14 Mayıs’ta yapılan seçimleri hatırlatan Yıldırım, şöyle konuştu: “14’ünde meclisi seçtiniz. Şu anda meclis, 323 milletvekili ile Cumhur İttifakı’nın çoğunluğuna sahip. Diğer ittifakın içine bedavacılar da girdi. Onları da çıkarsak ittifakta fazla bir şey kalmıyor. Zahmetsiz yemek olmaz. 37 vekil, bir kuruş emekleri gayretleri yok ama milletvekili oldular. İzmir’deki CHP’li kardeşlerimiz onlara çalıştı. 4 vekilliği içeriye aldıkları misafirlere vermişler. Ülkede güven ve istikrarın devam etmesi çok önemli. Güven ve istikrar olmayan, belirsizlik olan ülkede hiçbir şey düzgün gitmez. Güven ve istikrar, güçlü liderlik ve güçlü hükümetle olur. 2017’den beri Cumhurbaşkanlığı Hükümet Sistemi devrede ve ilk defa vaktinde seçimler başladı. Gönül isterdi ki seçim 14’ünde bitsin, insanlara zahmet vermeyelim ama bu bizim milletimizin kararı. Saygı duymaktan yapacak bir şey yok.”
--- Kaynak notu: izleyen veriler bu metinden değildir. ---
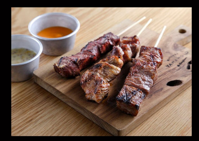 厳選されたブラックアンガスの赤味ローストとバラをセットにした牛串です。
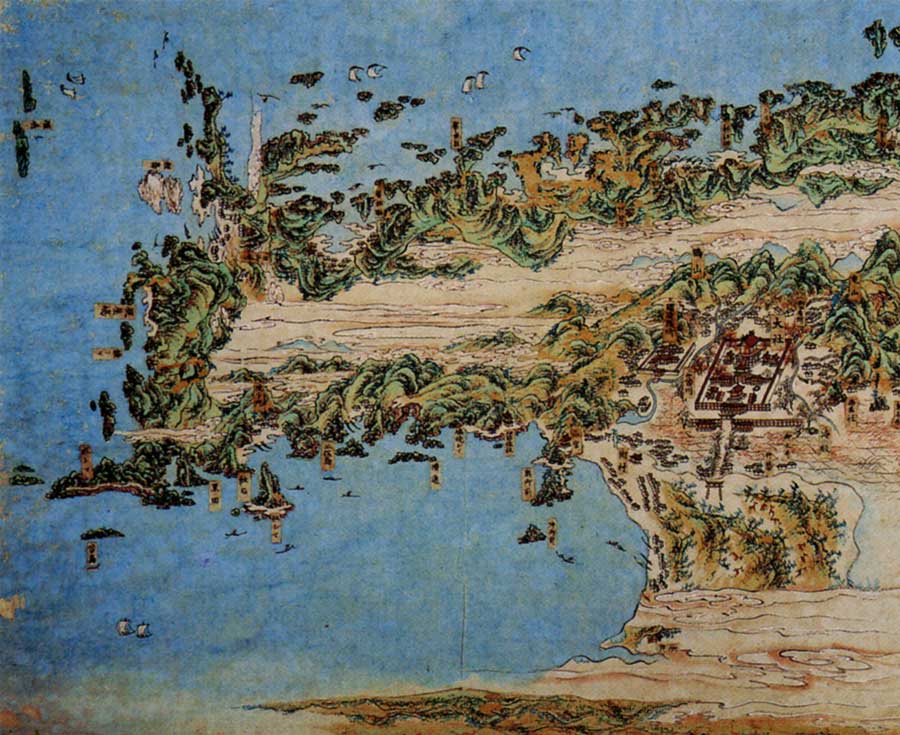 | そこで、オオクニヌシはスサノオの髪を室の垂木に結びつけ、五百引石で室の戸を塞ぎ、スセリヒメを背負い、スサノオの生太刀・生弓矢・天の詔琴を持って逃げだしました。そのとき詔琴ノリゴトが樹木にふれ音を立てたので、目を覚ましたスサノオは、黄泉ヨモツ平坂まで追いつめますが、そこでついに、スサノオはオオクニヌシがいままでの試練に耐えぬいたことを認め、スセリヒメを嫡妻とし、宮居を築き、出雲の王になれといいます。 オオクニヌシは出雲に帰り、スサノオから贈られた生太刀と生弓矢をもって八十神を坂の下に追い落とし、川辺まで追い払って、ついに国づくりを開始しました。 ヤガミヒメは、前の約束どおりオオクニヌシと結婚しましたが、嫡妻のスセリヒメに遠慮して、オオクニヌシとの間に生まれた子を、木の俣にはさんで、かえってしまいます。それで、その子を木俣の神、またの名を御井の神といいます。 ついで、オオクニヌシは、高志国(越後・越中・越前・能登)のヌナカワヒメ(沼河比売)に求婚しようと、その家に出かけて行って、神語歌カミガタリウタをおくりました。 |

“BİR GÜZELLİK YAPALIM, BU EKSİĞİ BİZ KAPATALIM”
Konuşmasında İzmirlilere seslenen Yıldırım, “İzmir olarak 14 Mayıs’ın telafisini yapabiliriz. Önümüze fırsat geldi. Yüzde 32’yi yüzde 40 yapabiliriz. Çok bir şey istemiyorum. Yine Kılıçdaroğlu’na epey kalıyor. Gerçi verilen oylar bir şey yaramıyor ama çok da agresif davranmak istemiyorum. Verdiğimiz oyla geleceğe karar veriyoruz. Cumhurbaşkanımız aslında açık ara önde birinci olarak seçimi tamamladı. Sadece Kılıçdaroğlu ile arasında 2,5 milyondan fazla fark var ama Anayasa’ya göre ilk tur için salt ekseriyet şartı koyduk. Şu anda geçekleşmeyen şart o. 260 bin oy eksiği var. İzmir’in 3 milyon üzerinde seçmeni var. Taksim etiğimizde Cumhurbaşkanımıza 14’ünde 964 bin oy verdi. Demek ki İzmir bu açığı rahatlıkla kapatabilir. Türkiye’de hiçbir yere gerek kalmadan kapatabilirsiniz. Çünkü Türkiye’nin özeti İzmir’de. Bir güzellik yapalım, bu eksiği biz kapatalım ve ‘Cumhurbaşkanımızı biz seçtik İzmir’den’ diyelim” dedi.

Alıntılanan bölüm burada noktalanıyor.